En medio de estas transformaciones pienso que deberíamos leer el sexto volumen de la colección Cineteca Nacional/LOM ediciones bajo el título Imaginarios del cine chileno y latinoamericano. Desde 2013, esta colección realiza un corte sincrónico en las diversas aproximaciones al cine que poseen numerosos especialistas de la región. De allí que la diversidad de puntos de vista, debates teóricos, corpus de trabajo y espacios históricos sea su sello, así como también la manera de enfrentar tal diversidad, que Mónica Villarroel coordina en este caso. La transformación del cinematógrafo en cine funciona como un punto de partida en este volumen, según Villarroel, para tomar los imaginarios sociales posibles que se despliegan en el cine sin pretensión conclusiva.
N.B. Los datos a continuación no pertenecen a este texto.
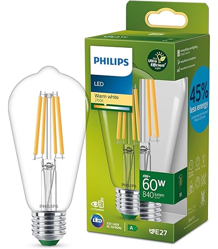 Cette ampoule a une température de couleur de 2700 K et vous offre une atmosphère chaleureuse et calme qui est parfaite pour se détendre. La parfaite substitution durable des ampoules à incandescence traditionnelles en forme de goutte. Température de couleur : 2000 K Nombre de cycles de commutation : 20000., Flux lumineux : 0,7 Doux pour les yeux : doux pour les yeux. Durée de vie nominale : 15 000 heures. Avec son superbe design et ses dimensions brunises, cette lampe gouttes LED est une lampe tempête contemporaine. Ampoule E27 Philips Lot De 4 Ampoules à Incandescence Tubulaires Edison E26 40 W T10 à Ampoule E27 Cdiscount Consommation d'énergie : 1000 h : 8 kWh. Autres caractéristiques Teneur en mercure : 0 mg., Facteur de puissance : 0,7 , Intensité : 36 mA , Domaine : LED Classic. Ampoule à intensité variable LED FILAMENT ST64 E27/4,8W/230V 1800K Son design de qualité supérieure assurera un éclairage parfait de votre intérieur. Effet de lumière/couleur : effet flamme. Vendu par Leroy Merlin (6) · Livraison offerte (4 728) · Prix 1.49 EUR - 1579.67 EUR · Note des clients 4 et plus / 3 et plus · Couleur de la lumière Blanc chaud... Caractéristiques de la lampe : Forme : lampe., Culot : E27 Indice de rendu des couleurs (IRC) : 80., Temps de démarrage : lampe led globe filament e27 4 w 250 lm 1800i ambre gradable Idéal pour éclairer votre maison. La collection Vintage de Philips propose de nombreuses formes géantes telles que des bougies et d'autres formes familières qui s'adaptent partout dans votre pièce. Flux lumineux nominal : 610 lm. Les ampoules LED Classic sont basées sur la technologie LED d'économie d'énergie. La catégorie E27 est dédiée aux ampoules ayant le même culot. PHILIPS Lot de 2 ampoules LED flamme filament E14 2,3 W équivalent à 25... Grâce à la nouvelle technologie LED d'économie d'énergie, elle consomme environ 80 % d'énergie en moins que les ampoules à incandescence classiques et ont une durée de vie 10 fois plus longue. Consommation électrique Classe d'efficacité énergétique : A+.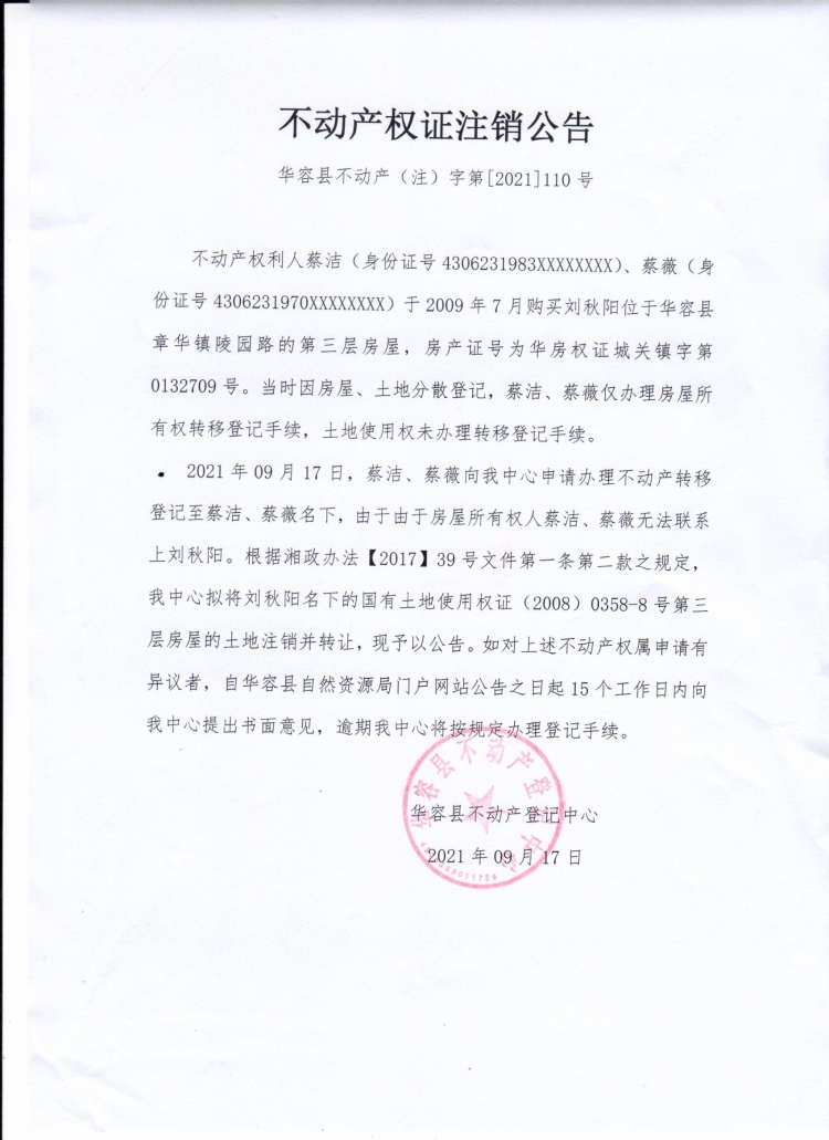 不动产权证书注销公告【(刘秋阳转蔡洁、蔡薇)】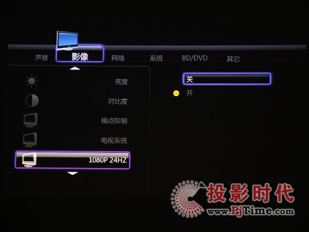 影像子菜单提供了屏幕比例、亮度、对比度、噪点抑制、电视系统、1080P 24Hz等播放设置选项。
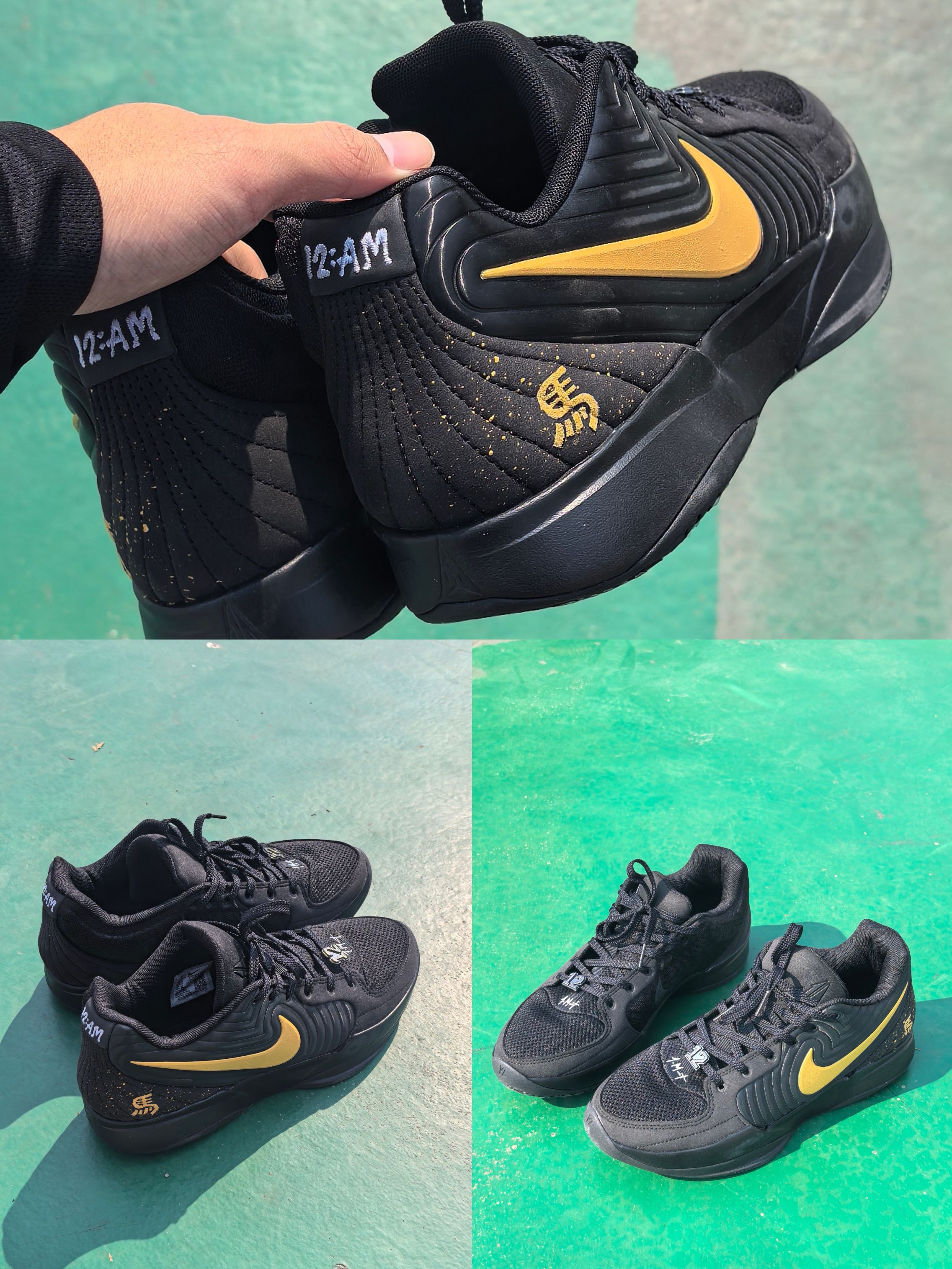 这双Nike Ja2是新年惊艳我的实战黑马这鞋子黑金配色太酷了!鞋面的质感透露着低调又奢华 这双鞋穿起来的包裹性很不错,鞋面的编织材料贴合脚型,系鞋带后不会滑动。我感觉起跳落地的缓震充足落地不震膝盖,前掌的反馈也够弹,突破时能明显感受到助推感。在室外塑胶场做急停变向,鞋底纹路没有打滑 参考尺码:我平时穿42码,但这双得选大一码就很适合实战局:突破流、跳投党都能驾 驭,适合室内外各种场地。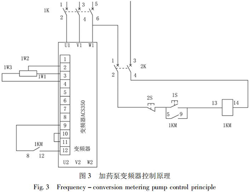 STD - Ⅲ型浮選工藝參數自動測控系統通過雙膜盒差壓計測量原礦漿濃度; 采用地下水污水流量計測量原礦漿流量,由 PLC 計算出入浮干煤泥量和藥劑的瞬時添加量,用變頻式計量泵完成浮選藥劑的添加。通過上位機還可以打印小時、班、天及月的運行數據,更加有利于生產管理及技術分析,藥劑自動原理如圖 2 所示,k1、k2、k3 是計算修正參數。以 PID 算法為核心,通過優化控制程序計算出藥劑給定量,在捕收劑和起泡劑管道上分別安裝藥劑測量裝置,用于檢測藥劑的添加量。當藥劑測量值小于藥劑給定量時,PID 輸出增大,反之則減小。加藥泵變頻器控制原理如圖 3 所示。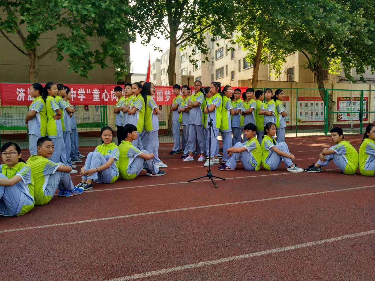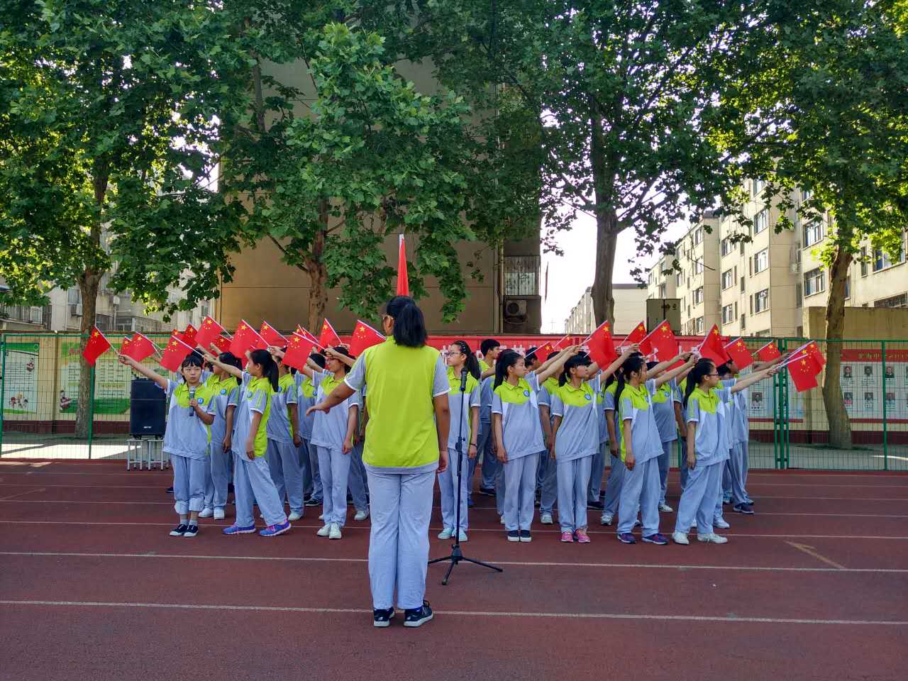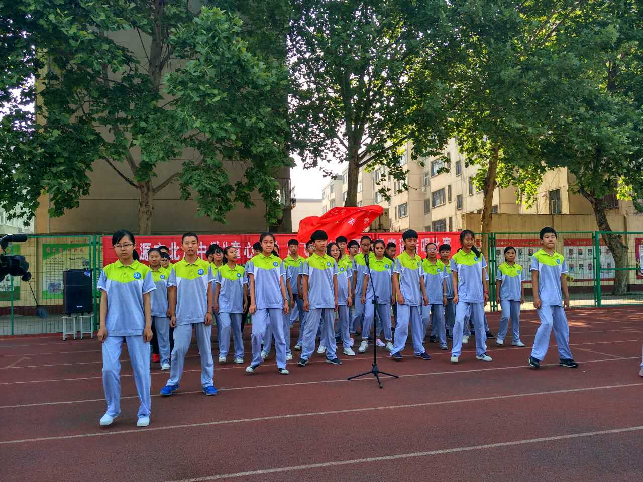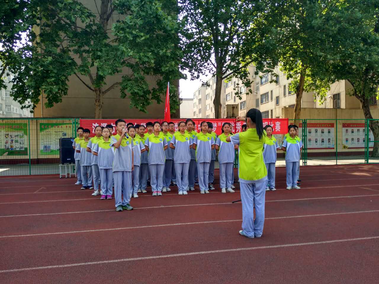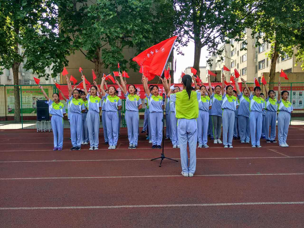 ,党的阳光洒满了整个校园,我们健康、快乐地成长。一面面国旗挥舞着,一张张笑脸绽放在夏日的阳光里,七九班一曲《国家》拉开了“童心向党放飞中国梦”歌咏比赛的序幕。五十六个星座五十六只花五十六族兄弟姐妹是一家七二班深情演绎了《爱我中华》火映红星哟星更亮,血染红旗哟旗更红七一班的《映山红》让我们重温了对红军英雄的无限热爱与不舍之情。七十一班的一曲《十送红军》更是让我们领略了石老师的指挥的魅力,台下师生掌声雷动!七三班的《中国功夫》,铿锵有力,把比赛再一次推向了高潮。七八班的《红歌串烧》,点燃了全场学生的革命激情!七六班带来的《众人划桨开大船》把我们七年师生的心紧紧团结在一起,众志成诚,共创北中辉煌!

La transversalidad del concepto de imaginario cruza las cuatro secciones de este libro y adquiere particular espesor en el dossier final sobre cine silente, donde la pregunta por la técnica resuena en la producción de lenguajes y narrativas que vienen a disputar los sentidos “reales” del lenguaje fílmico.

La primera sección, “Tránsitos latinoamericanos”, recoge tres trabajos que recomponen itinerarios transnacionales de producción y recepción. El primer ensayo de Ángel Miquel, “Cine Mexicano en Santiago de Chile, 1936-1937”, aborda dos años cruciales en la recepción chilena del cine mexicano, como un momento de masificación y popularización de una industria en ciernes, a diferencia de otras ciudades del Cono Sur. Entre 1936 y 1937 se estrenan en Buenos Aires 14 películas mexicanas, en Montevideo 9 y en Santiago 40.  Esta notoria diferencia se explica por rol que juega la distribuidora cinematográfica chilena, liderada por Ángel Ibarra y Elías Selman. Allá en el Rancho Grande (1936) funciona como una película bisagra: fue la primera en tener un reestreno en Chile, y una amplia recepción de la crítica y el público. De allí en adelante, el ingreso del cine mexicano de esas fechas cobra el significado de una madurez en la recepción de una industria nacional particular.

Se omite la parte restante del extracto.